アウトサイド・チェンジについて勉強したことを記録しておこうと思います。
■原型はバックワード・チェンジ
若い頃に購入したK・アクリル氏の資料(*1)に「アウトサイド・チェンジは、今では廃れたバックワード・パッシング・チェンジの発展形です」と書いてあります。当時はどんなステップかわかりませんでしたが、後年に購入した1938年発行のH・ジェイクス氏の本(*2)が解明してくれました。下図がそれです。男性は3歩後退(女性は3歩前進)してリバース・ターンの4~6を踊ります。
私たちもこれを使ってみようではありませんか! 単に使われなくなっただけで、使っていけないことはないのですから! この本にはフットワークは出ていませんが、「1の終わりでライズし、3の終わりでロアー」の説明がありますから、通常のアウトサイド・チェンジで3歩後退してリバース・ターンの4~6に繋げれば良いわけです。チラッと使えばお洒落だと思いませんか?
■アウトサイド・チェンジは結構新しい!
ジェイクス氏の本には下記フィガーが出ています。
- ①フォワード・チェンジ(クローズド・チェンジ)2種
- ②バックワード・チェンジ2種
- ③ナチュラル・ターン
- ④ヘジテイション・チェンジ
- ⑤ナチュラル・スピン・ターン
- ⑥リバース・ターン
- ⑦(リバース)コルテ
- ⑧ダブル・リバース・スピン
- ⑨アウトサイド・スピン
- ⑩オープン・テレマークが出ています。
A・ムーア氏の古い本(*3)には上記の他に、
- ⑪オープン・インピタス・ターン
- ⑫クロス・ヘジテイション
- ⑬ウィング
- ⑭ウィスク
- ⑮ドラッグ・ヘジテイション
- ⑯バックワード・ロックスが加わっていますが、やはり、アウトサイド・チェンジは出ていません。
ダブル・リバース・スピンやアウトサイド・スピンのように複雑なフィガーが古くから考案されているのに、こんなにシンプルなアウトサイド・チェンジがまだ登場していないのです! しかも、ウィングやウィスクの方が古いなんて、ちょっと意外で、同時に楽しくなってきます。
■壁斜めはお薦めでない?
アクリル氏の本には「先行のナチュラル・ターンを壁斜めに始めるのはよくない。

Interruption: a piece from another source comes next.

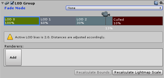 注意LOD是移动端优化几何内容非常好的一种方式,设置更高的LOD这样较低分辨率的网格就可以被使用了。

LODに始める方が遥かに良い」とも書いています。実は、ムーア氏の Ballroom Dancing のアウトサイド・チェンジは、その形で足型図が描かれています(下図)。
この踊り方も使ってみましょう。もっとも簡単な方法は――
(男性)
- コーナー付近で壁斜めにナチュラル・ターンの6歩を踊り、後半の回転量を少なくして新LODに面して終わります。
- ナチュラル・ターンの前半を踊り、3/8回転して中央斜めに背面します。
- アウトサイド・チェンジを踊ります。
この入り方は普段見かけない分、かえって新鮮に見えることでしょう。
◇ ◇ ◇
●参考文献
(*1) AN ANALYSIS OF THE MODERN WALTZ TECHNIQUE TO ASSOCIATE LEVEL
(*2) Modern Ballroom Dancing
(*3) Ballroom Dancing 1951年発行第6版
※この項はダンスファン2017年4月号連載記事を一部変更してお届けしました。